The previous lesson has pointed out that control is an indispensable
element of experiment. The aspect of variance is discussed here. First
of all, let's spend a few minutes to look at the concept "variance" or
"variability".
The purpose of research is to maximize variance explained and minimize error variance.
Using radio frequency as a metaphor to data, researchers want to filter
noise in order to get a clear signal. For example, F ratio in Analysis
of Variance (ANOVA) can be viewed as a ratio between signal and noise.

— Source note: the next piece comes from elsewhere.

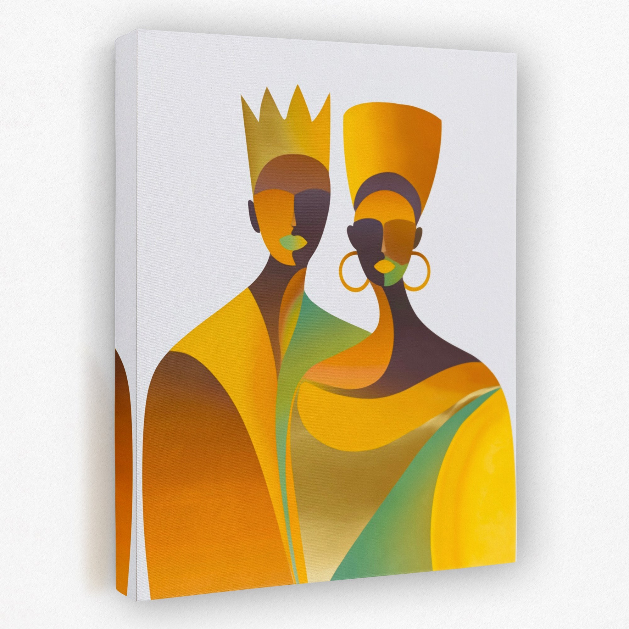 Two crowned figures in overlapping golden composition. Perfect for a couples' bedroom.

ANOVA is always used to compare several group means. Why isn't it
called Analysis of Mean instead of Analysis of Variance? It is because
the means are compared based upon variance. The F ratio in ANOVA is:
Variability between groups
| Variability within groups
|
For the simplicity of illustration, now let's use only two groups. Suppose in the 24thcentury
we want to find out whether Vulcans or humans are smarter, we can
sample many Vulcans and humans for testing their IQ. If the mean IQ of
Vulcans is 200 and that of humans is 100, but there is very little variability within each group, as indicated by two narrow curves in the following figure, then the mean difference between two groups sends a very clear signal that even the dumbest Vulcan has higher IQ than the smartest human.
But what if there exist a huge within group variability in both
distributions, as shown in the following figure? In this case, the
answer is not clear cut. Some Vulcans are more intelligent than humans
and vice versa. Thus, within group variability is noise that distorts
the signal. The means must be compared by considering both between
group variability and within group variability.
Variance control
Within-group variability could be caused by many things. It could be a
real inherent dispersion among different people's abilities. But it
could also be a result of poor research design and measurement error.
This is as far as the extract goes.